What you say makes sense in theory, Tim, but in practice it really doesn't matter. No matter whether the verdict was guilty or innocent, Arthur Andersen had already dealt themselves a death penalty.

Practically the only thing that an audit firm can offer is credibility. Enron killed Arthur Andersen's credibility. The market would have punished anyone foolish enough to keep its audit business with Arthur Andersen. For the most part, all of Arthur Andersen's audit clients have already left.

The government didn't give AA the death penalty. The market already had taken care of it.

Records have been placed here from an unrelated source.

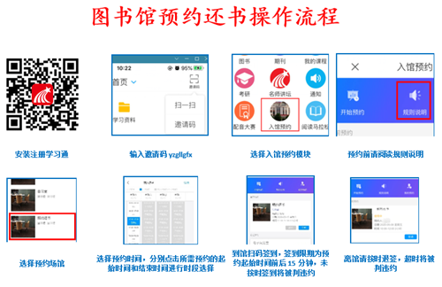 登录学习通APP →输入邀请码yzgllgfx进入分校主页 →选择“入馆预约”中的“预约还书”即可进行预约(预约前请仔细阅读规则说明)
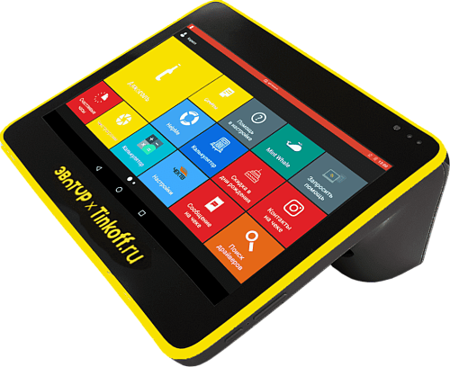 Онлайн-касса под ФЗ-54 на основе планшетного компьютера под цвета банка Тинькофф с фискальным накопителем на 15 месяцев.
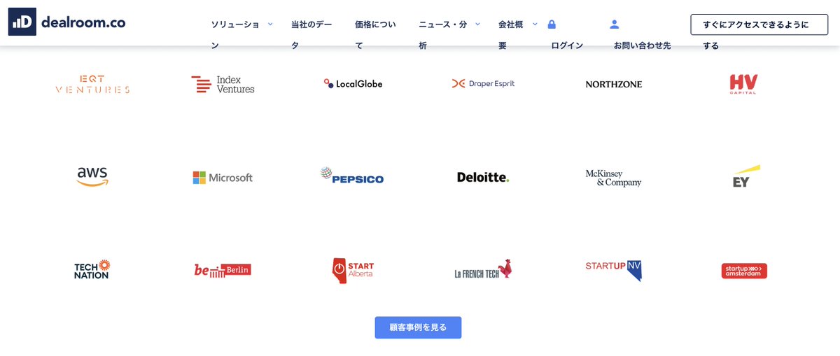 資金調達データ、評価額、サイト訪問者数、従業員数、業績まで見れる。

To: tcmay who wrote (166477)6/18/2002 12:41:03 AM
From: Jim McMannis  Read Replies (2) | Respond to of 186894
 
RE:"There is something wrong with our legal system if an isolated incident--with no strong evidence that this was some kind of AA-wide common practice"

That's an understatement.
Now, when does the legal profession go after the Federal Government for it's bogus acounting practices? The non-existent social security trust fund is enough for starters.
I think the key is that the federal government hasn't cost anyone any money like Enron did, yet.
Heads and corporations are gonna roll because of lost money...not because of right and wrong. The lucky CEOs who have already got their parachutes are the lucky ones.

JIm



To: tcmay who wrote (166477)6/18/2002 6:42:48 AM
From: TGPTNDR  Respond to of 186894
 
Tim, Re: <This seems overly harsh for the sins of one or a few people in a regional office.>

Some would argue that it was corporate policy.

Some extracts:

"Referring to previous litigation in recent years between the SEC and Andersen involving auditing failures of Sunbeam and Waste Management, a lead prosecutor in the current case explained, "This was a management team that already had two strikes against them." Indeed, Andersen never even bothered to discipline the auditors penalized by the SEC in the Waste Management fiasco. Worse, Andersen assigned one of those auditors the task of developing the firm's document-retention policy, which figured prominently in the Enron-related trial."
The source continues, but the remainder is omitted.